Did 47 U.S. Senators Just Commit Treason By Attempting to Sabotage Iran Deal?

The backlash continued Tuesday after 47 Republican senators sent a signed letter to Iran's leaders warning them against cutting a nuclear deal with the Obama administration.
The letter, organized by Senator Tom Cotton, a freshman from Arkansas, warned Iran that “we will consider any agreement regarding your nuclear-weapons program that is not approved by the Congress as nothing more than an executive agreement between President Obama and Ayatollah Khamenei.
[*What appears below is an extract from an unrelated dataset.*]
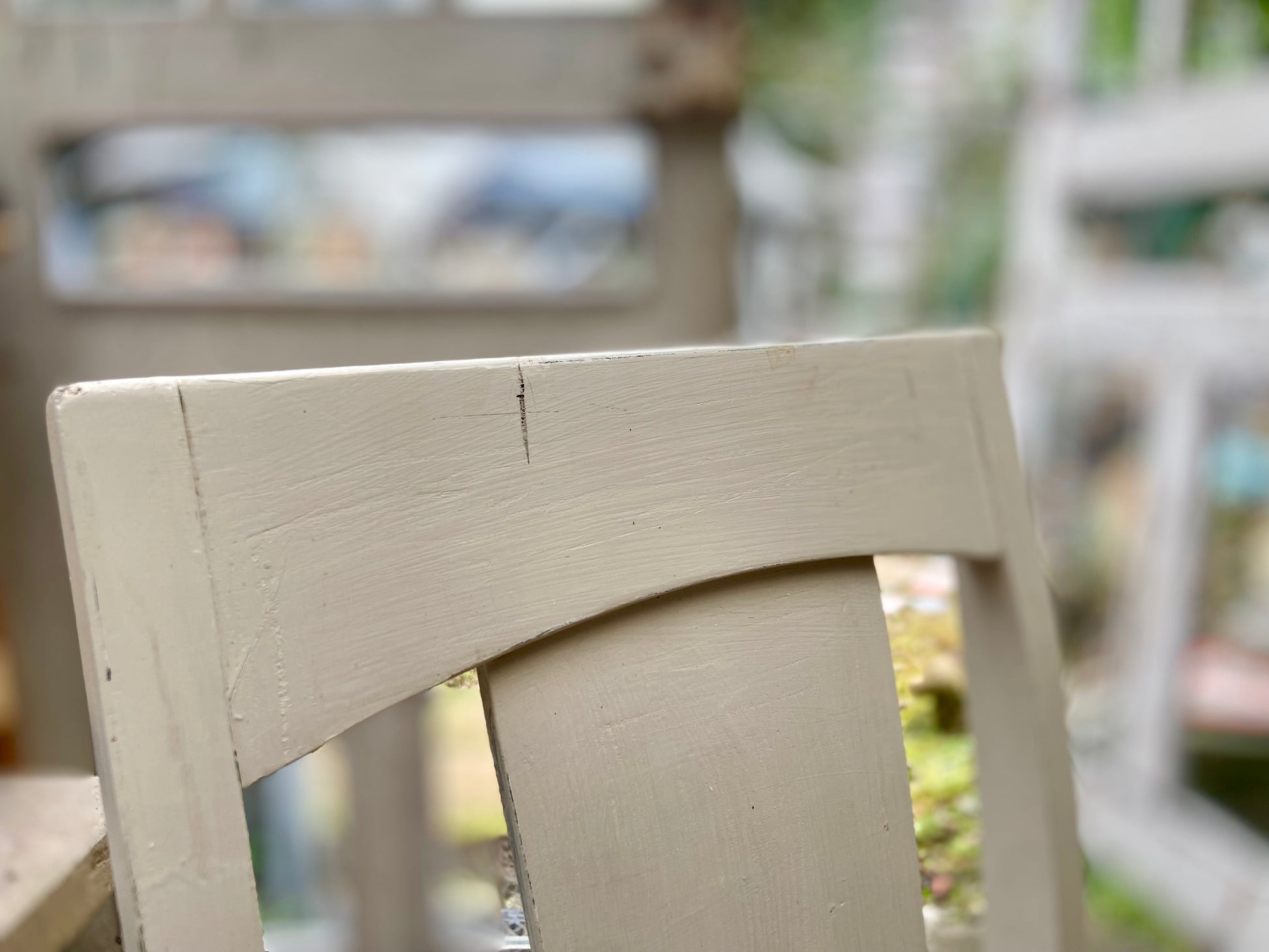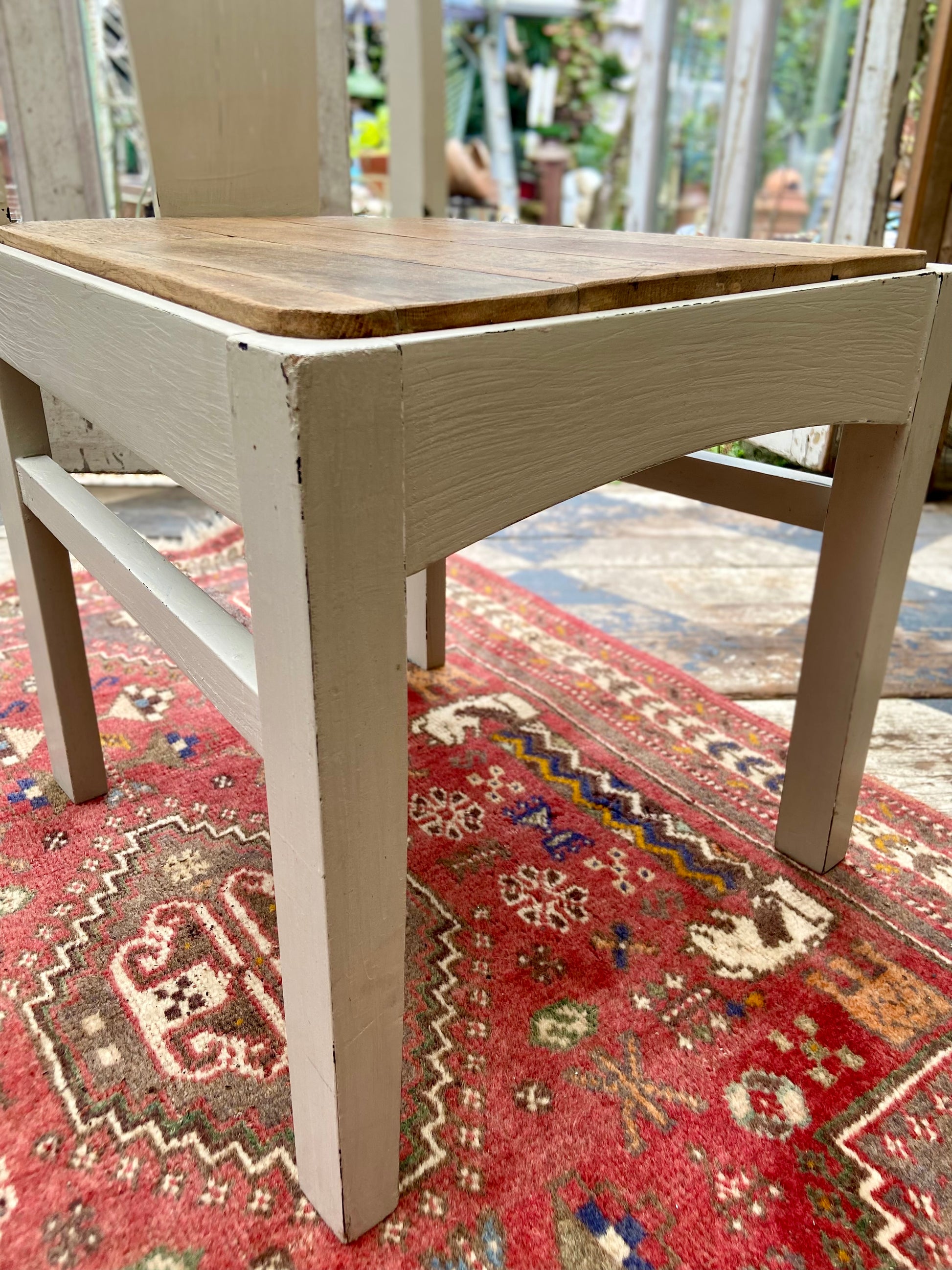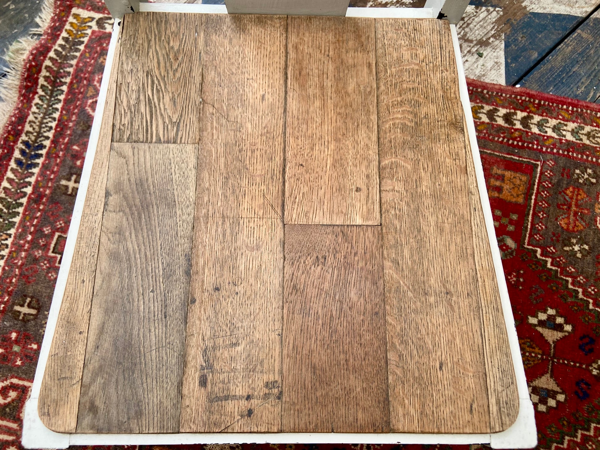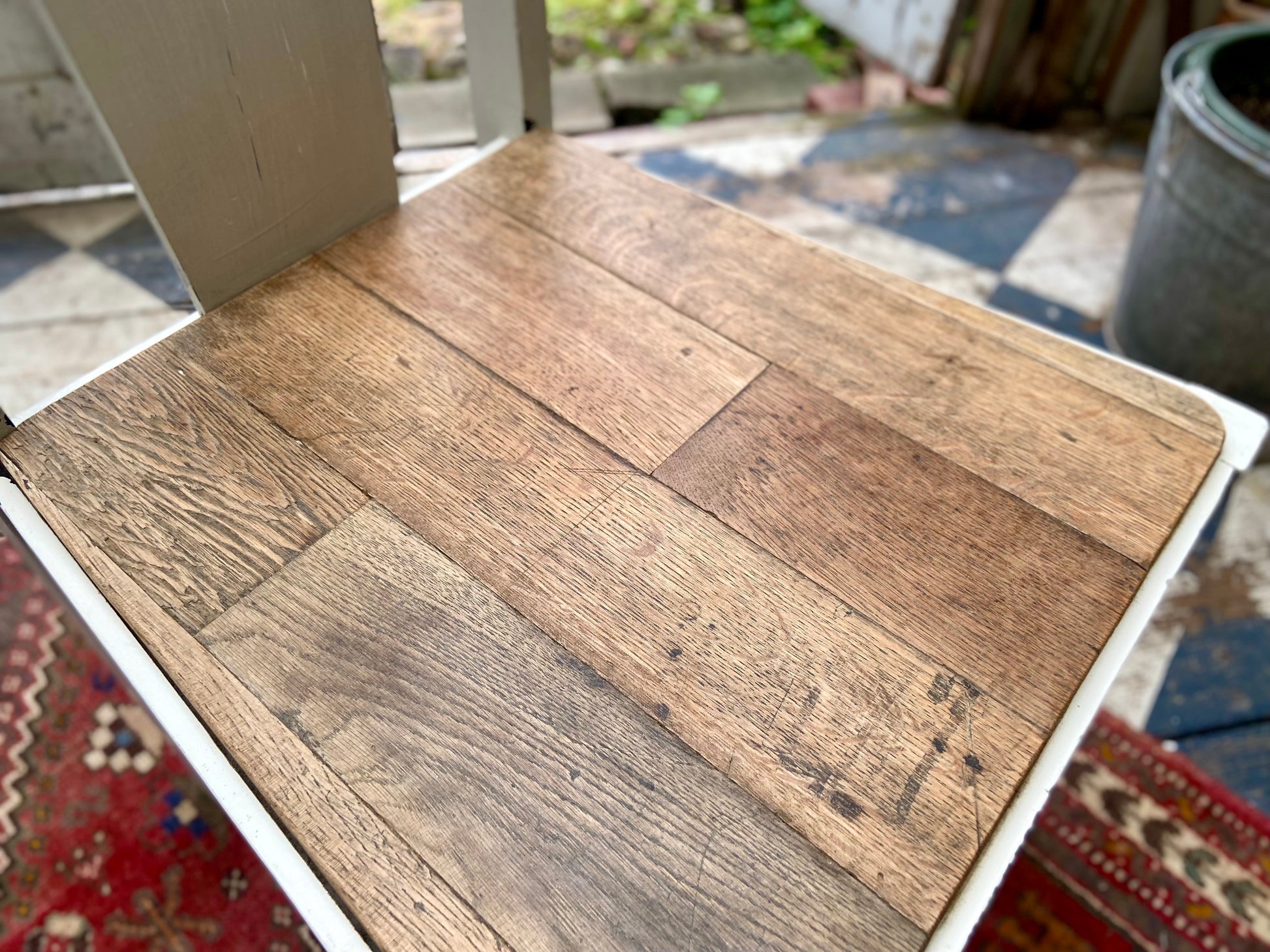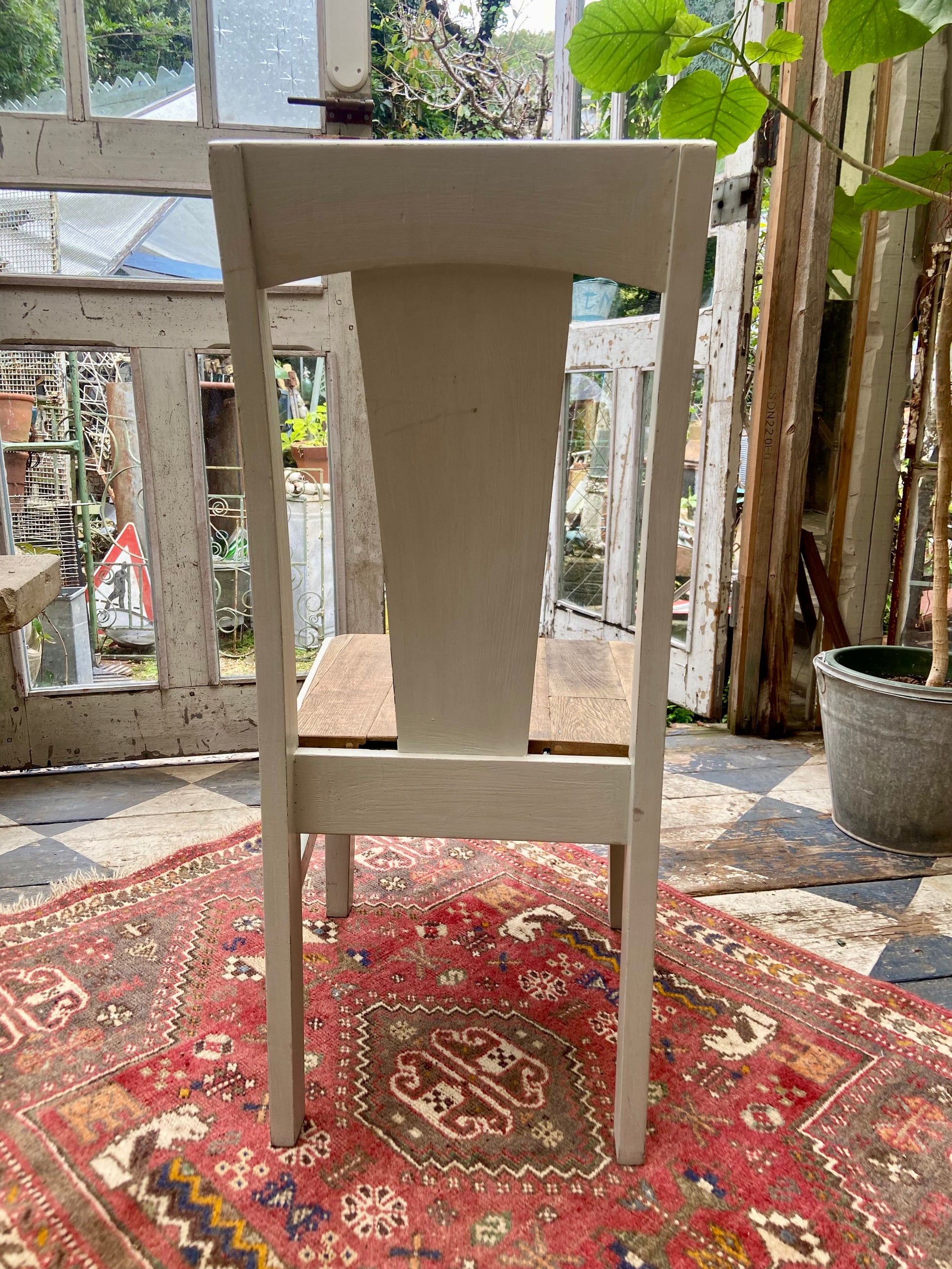 モダンデザインのフレームに座面を板に張り替えました。クリアな印象でどこか新鮮です。オールドイングリッシュオークの寄木。お色は落ち着いた少しくすみのあるアイボリー。

The next president could revoke such an executive agreement with the stroke of a pen and future Congresses could modify the terms of the agreement at any time.”
The New York Daily News on Tuesday put photos of Cotton, Senator Rand Paul of Kentucky, Senator Ted Cruz of Texas, and Senate Majority Leader Mitch McConnell on its front page along with the boldfaced headline “TRAITORS.”  
The Wall Street Journal took down the letter in an editorial Tuesday calling the deal with Iran possibly “the security blunder of the young century” and saying that Congress should vote on it, “which is why it’s too bad that Republican Senators took their eye off that ball on Monday with a letter to the government of Iran.”
MSNBC's Mika Brzezinski also had harsh words for Cotton, criticizing him a few minutes before he was scheduled to appear on Morning Joe (where he defended the letter).
“If anyone had any reservations that what the Republicans did when they brought Benjamin Netanyahu to Congress to address Congress was not an effort to undercut the president, this then could perhaps seal the deal in your mind that everything they do is focused in almost an obsessive and destructive way to undermine the president and to undermine the president’s effort to get a deal as opposed to going to war,” she said. 
White House press secretary Josh Earnest on Monday said the letter's goal was to “undermine” negotiations with Iran, but also noted that if the Obama administration reached an agreement over Iran's nuclear program that it would not be a treaty subject to congressional ratification. 
Senate Minority Leader Harry Reid, meanwhile, said it was highly unusual for a political party to insert itself into a foreign-policy negotiation in opposition to the president. 
“Republicans are undermining our commander-in-chief while empowering the ayatollahs,” he said from the Senate floor Monday. “We should always have robust debate about foreign policy, but it's unprecedented for one political party to directly intervene in an international negotiation with the sole goal of embarrassing the president of the United States.”